The Bronze King of Art Hill
If you walk up Art Hill in Forest Park, long before you step inside the Saint Louis Art Museum, you are met by the city’s namesake. The Apotheosis of St. Louis is a massive, 27-foot bronze equestrian statue of King Louis IX of France. With his sword raised high—hilt up, forming a cross—and his horse mid-stride, he has kept watch over the park since 1906.

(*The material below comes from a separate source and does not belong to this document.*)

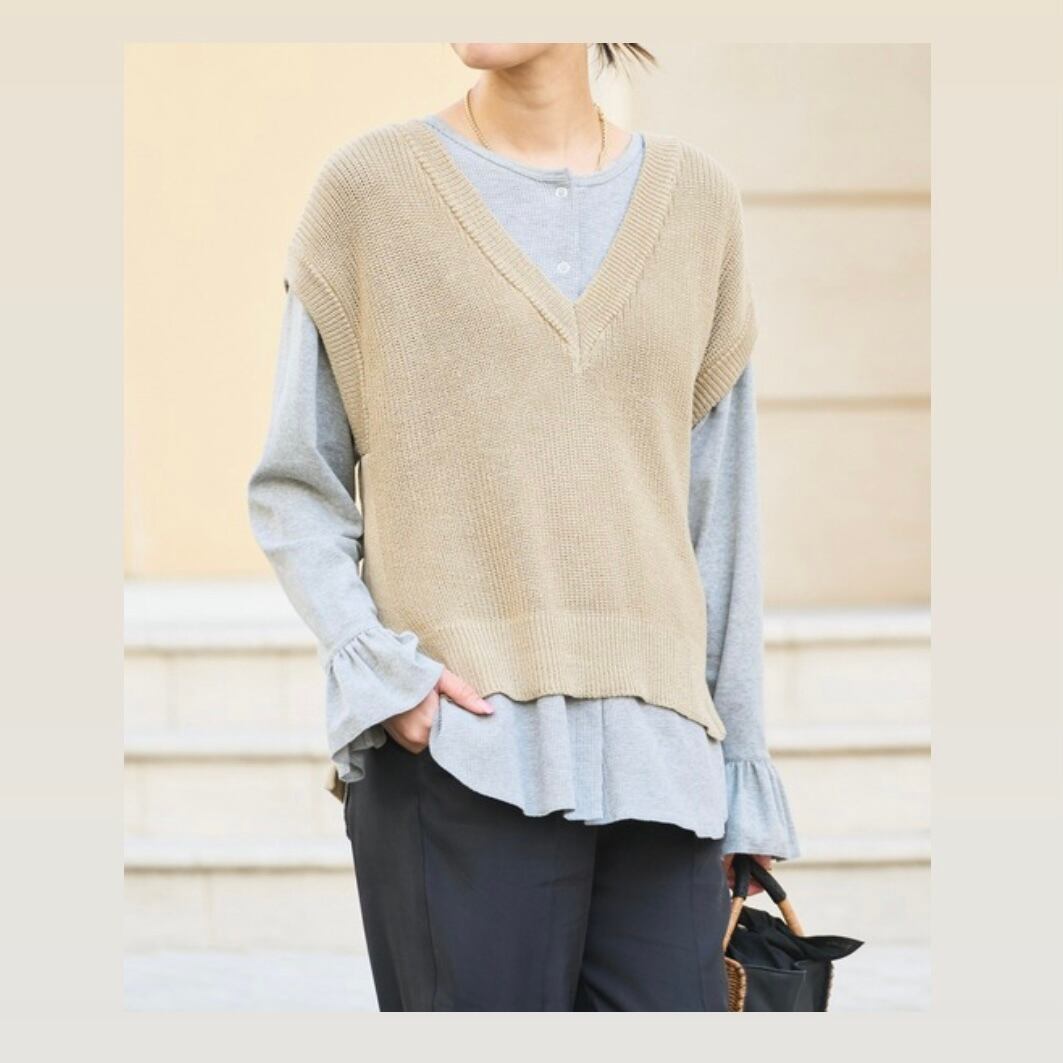 ドライ感のある風合いのニットベスト、

A Nod to French Fur Traders
To understand why a 13th-century French king sits on a hill in Missouri, you have to look back to 1764. French fur traders Pierre Laclède and Auguste Chouteau founded a trading post on the western bank of the Mississippi River. They named the settlement St. Louis in honor of King Louis IX, who ruled France from 1226 to 1270. Louis IX is notable for being the only French king to be canonized as a Catholic saint, earning a reputation for his piety and his leadership during the Seventh and Eighth Crusades.

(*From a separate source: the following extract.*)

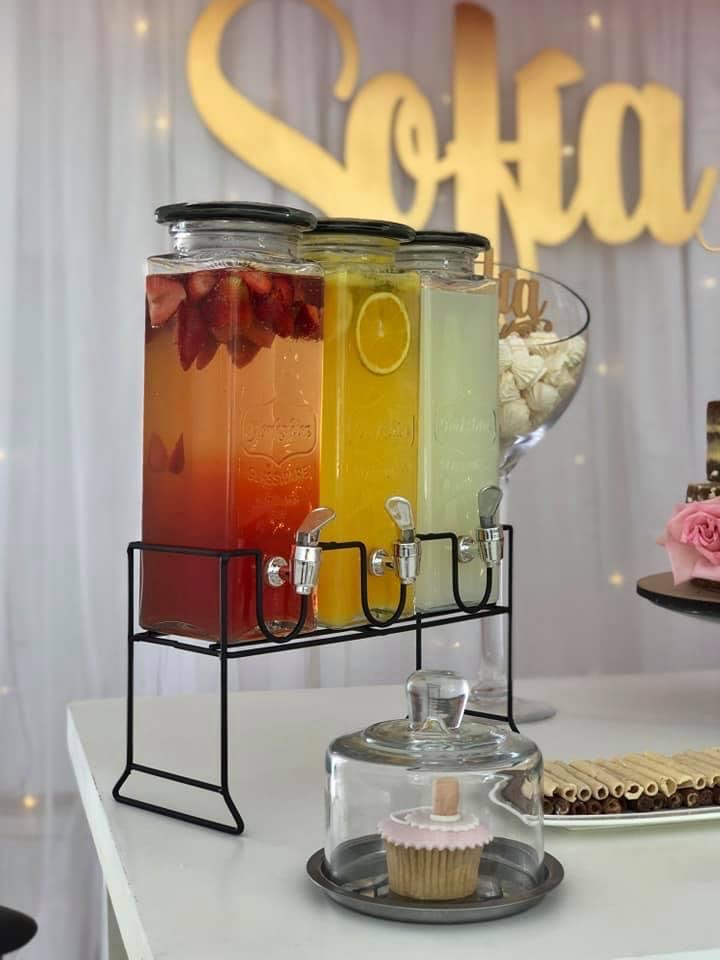 Set dispensador con base metálica y 3 contenedores de vidrio con capacidad de 2.5L cada una

The 1904 World's Fair Legacy
The statue we see today is actually a permanent echo of the 1904 Louisiana Purchase Exposition, widely known as the St. Louis World’s Fair. For the seven-month spectacle, which drew an estimated 19 million visitors to Forest Park, American sculptor Charles Henry Niehaus created a plaster version of the monument. It stood near the main entrance to the fairgrounds.

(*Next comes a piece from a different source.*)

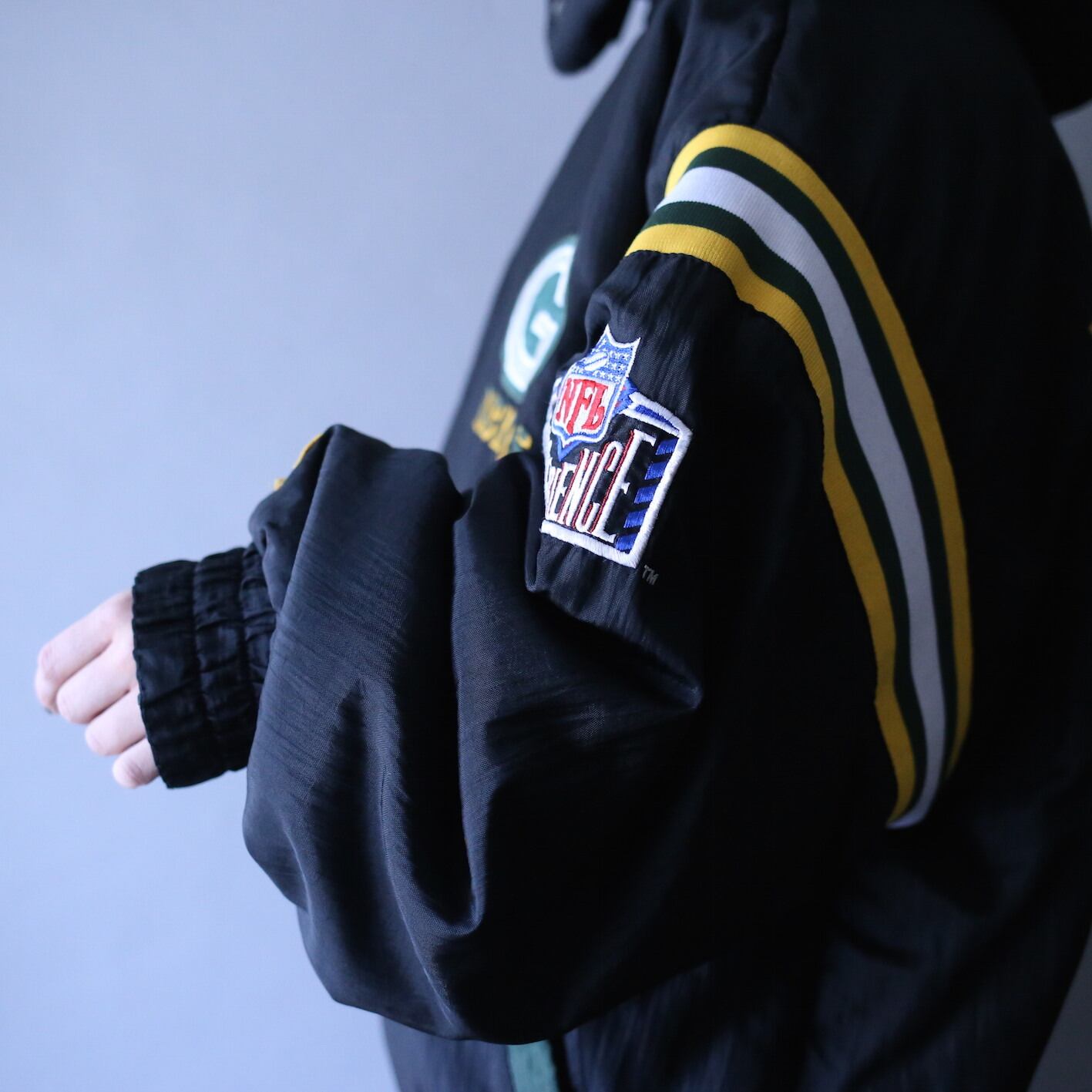両面共に左胸にはチームロゴワッペンをオン、左袖にはNFLのワッペンをオン、黒面の背中には"PACKERS"のワッペン、緑面にはチームロゴワッペンをオン、さらにさらに左袖と背中の襟下にはは"P"のワッペンを施し360度どこから見てもスペシャル感ダダ漏れ

The statue was immensely popular. After the fair concluded, the exposition company decided to gift a permanent bronze version to the city. While Niehaus offered to cast the bronze for $90,000, the organizers opted for a lower bid of $37,500 from local artist W.R. Hodges. (Niehaus successfully sued for intellectual property infringement and won $3,000, ensuring his name was inscribed on the pedestal). On October 4, 1906, the bronze king was unveiled in its current spot in front of the Palace of Fine Arts—the only permanent structure built for the fair, which now houses the Saint Louis Art Museum.
Guarding a 1,300-Acre Park
Today, the statue is a defining piece of St. Louis iconography. It served as the principal symbol of the city until the Gateway Arch was completed in the 1960s. The location itself is unmatched. Forest Park spans over 1,300 acres—making it roughly 500 acres larger than New York’s Central Park—and the view from the base of the statue down Art Hill toward the Grand Basin is one of the most recognizable sights in the Midwest.
When you photograph the monument, especially at dusk, the details of the bronze—the fleur-de-lis on the king's ermine cape, the intricate armor on the horse—stand out sharply against the sky. It is a quiet, enduring piece of history, anchoring a park that has been the cultural heart of St. Louis for generations.